Siracettin Bilyap

Personal information
- Born: 10 December 1923 İstanbul, Turkey
- Died: 26 August 1996 (aged 72)

Chess career
- Title: Turkish Chess Champion

= Siracettin Bilyap =

Turkish chess player (1923–1996

Siracettin Bilyap (10 December 1923 – 26 August 1996) was a Turkish chess player, university professor of Construction technology. He was the 1966 Turkish Chess Champion.

== Biography ==
Bilyap was born in Istanbul in 1923, graduated from Istanbul Technical University. He started working at Izmir Dokuz Eylul University, later become the Head of the Department of Construction at the Faculty of Engineering and Architecture, and Associate Professor in 1973 and Professor in 1980. He retired in 1990

As a chess player, he took part in the 16th, 17th, 18th, 19th, 20th and 21st Chess Olympiad Turkish National Team.

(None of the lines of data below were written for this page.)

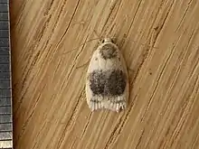 The wingspan is about 14.5โ17 mm. The forewings are pale ochreous, with a small cloudy dark purplish-fuscous semi-oval spot on the inner margin near the base and a large roundish well-defined dark purplish-fuscous blotch in the middle of the disc. Within this blotch are two rather large roundish spots of whitish blue scales mixed with blackish, each surrounded by a suffused blackish ring. Between the blotch and the apex is an outwardly-curved cloudy dark fuscous transverse line and there are two or three dark fuscous-grey scales on the hindmargin around the apex. The hindwings are dark fuscous-grey, but whitish-ochreous towards the base and costa.[1]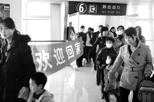 | 3月16日,从日本飞抵青岛的中国公民在“归国公民入境特别通道”排队等候入关。 新华社记者 李紫恒 摄 |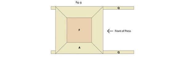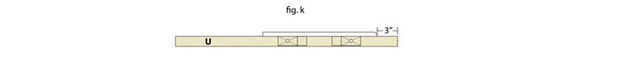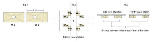 Con el taladro o tornillo de banco y taladro, crear orificios de media pulgada en el centro de la parte más grande de 4 de sus piezas. Para los 4 restantes, marcar una linea 2 3/8" en el extremo y taladrar los agujeros en el nuevo medio (ver fig. h). Luego coloque en el tablero G como se muestra en la figura i. usar un 2 x 4 para ayudar a la madera del espacio para la placa cómodamente en el brazo del rodillo cuando esté listo. También asegúrese de que la distancia entre los agujeros en una sola dirección es la misma distancia exacta que los orificios que va al revés (ver fig. j). Usted definitivamente querrá orificios antes de colocar piezas W o tendrás problemas con división de madera.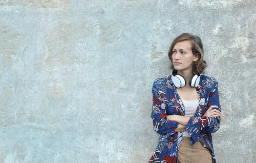 面带微笑的男子身穿蓝色牛仔衬衫,倚在灰色的水泥墙上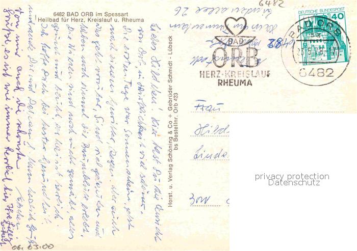 72888557 alte Postkarte Bad Orb Fliegeraufnahme postalisch gelaufen Erhaltung siehe scans [WerneD78] KatCode: 11110006435001

He participated in the Turkish Chess Championship 14 times and became the Champion in 1966.

Bilyap died in 1996. In his memory, the 2017 Turkish Chess Championship was named after him Since 2001, Sıracettin Bilyap Memorial Chess Tournament has been traditionally held in İzmir.

=== Personal life ===
Siracettin Bilyap married to Zuhal Arı in 1949. The couple had two children, Muhsin born in 1951 and Enis born in 1960.